Clathrus columnatus, commonly known as the column stinkhorn, is a saprobic species of basidiomycete fungus in the family Phallaceae. Similar to other stinkhorn fungi, the fruiting body, known as the receptaculum, starts out as a subterranean "egg" form. As the fungus develops, the receptaculum expands and erupts out of the protective volva, ultimately developing into mature structures characterized by two to five long vertical orange or red spongy columns, joined at the apex. The fully grown receptaculum reaches heights of 8 cm tall. The inside surfaces of the columns are covered with a fetid olive-brown spore-containing slime, which attracts flies and other insects that help disseminate the spores.

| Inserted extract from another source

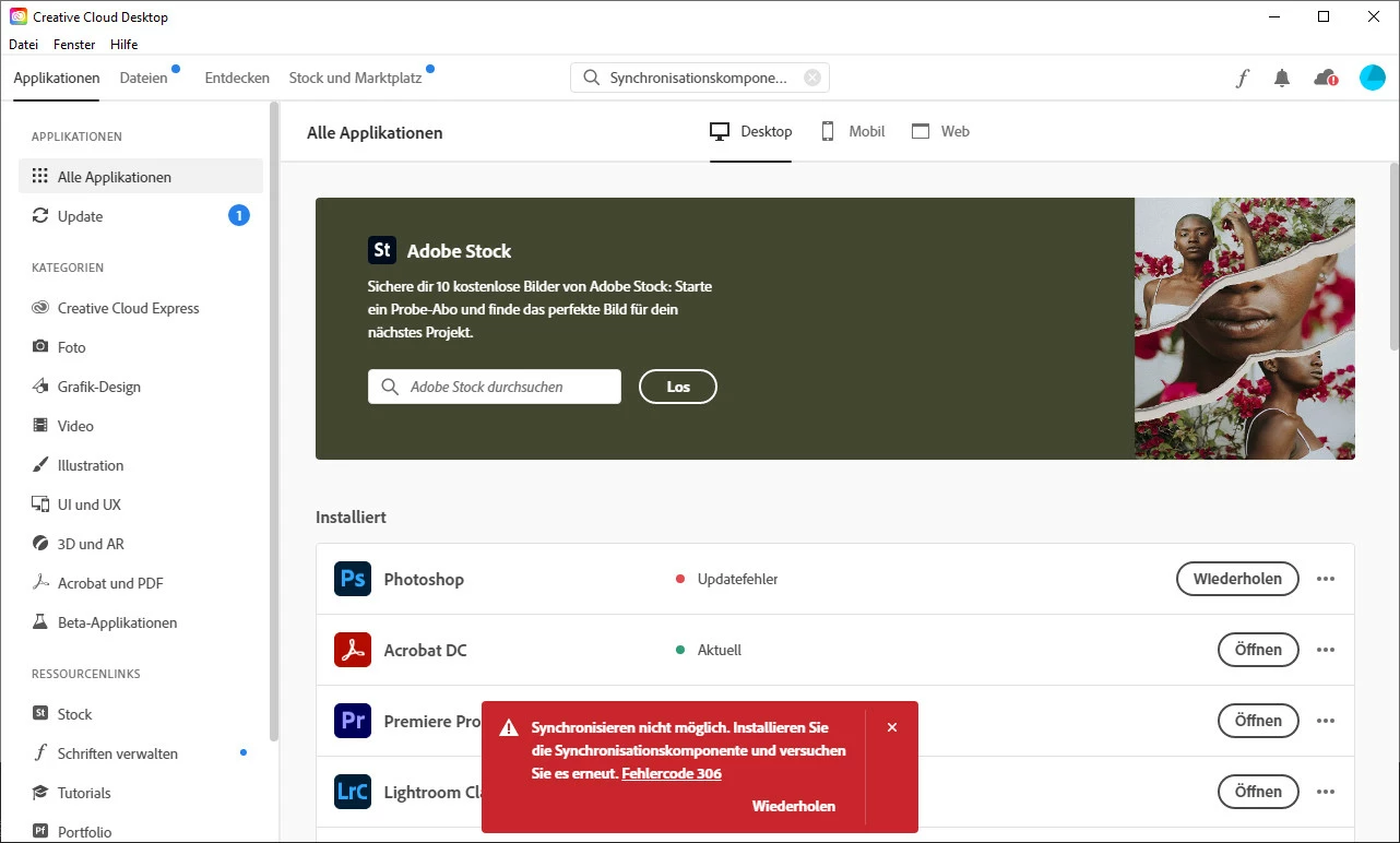Ich bekomme immer wieder den gleichen Fahlercode (306) bei updaten der Applikationen in der Creative Cloud. Was kann ich machen.

The species has a widespread distribution, and has been found in Africa, Australasia, and the Americas. It may have been introduced to North America with exotic plants. Although once considered undesirable, the fungus is listed as edible. It is found commonly in mulch.

==Taxonomy==
The species was first named by the French botanist Louis Augustin Guillaume Bosc in 1811. Christian Gottfried Daniel Nees von Esenbeck transferred it into Laternea in 1858, a genus intended to accommodate those Clathrus-like species with arms arranged in columns rather than a network; in its current meaning, Laternea includes species that have gleba suspended below the arch of the receptaculum by trabeculae (columns that extend from the peridium to the central core of the receptaculum). Other genera to which the species has been transferred include Linderia by Gordon Herriot Cunningham in 1932, Colonnaria by Eduard Fischer in 1933, and Linderiella by Cunningham in 1942. Colonnaria, Linderia and Linderiella are now considered obsolete genera, as they have been subsumed into Clathrus.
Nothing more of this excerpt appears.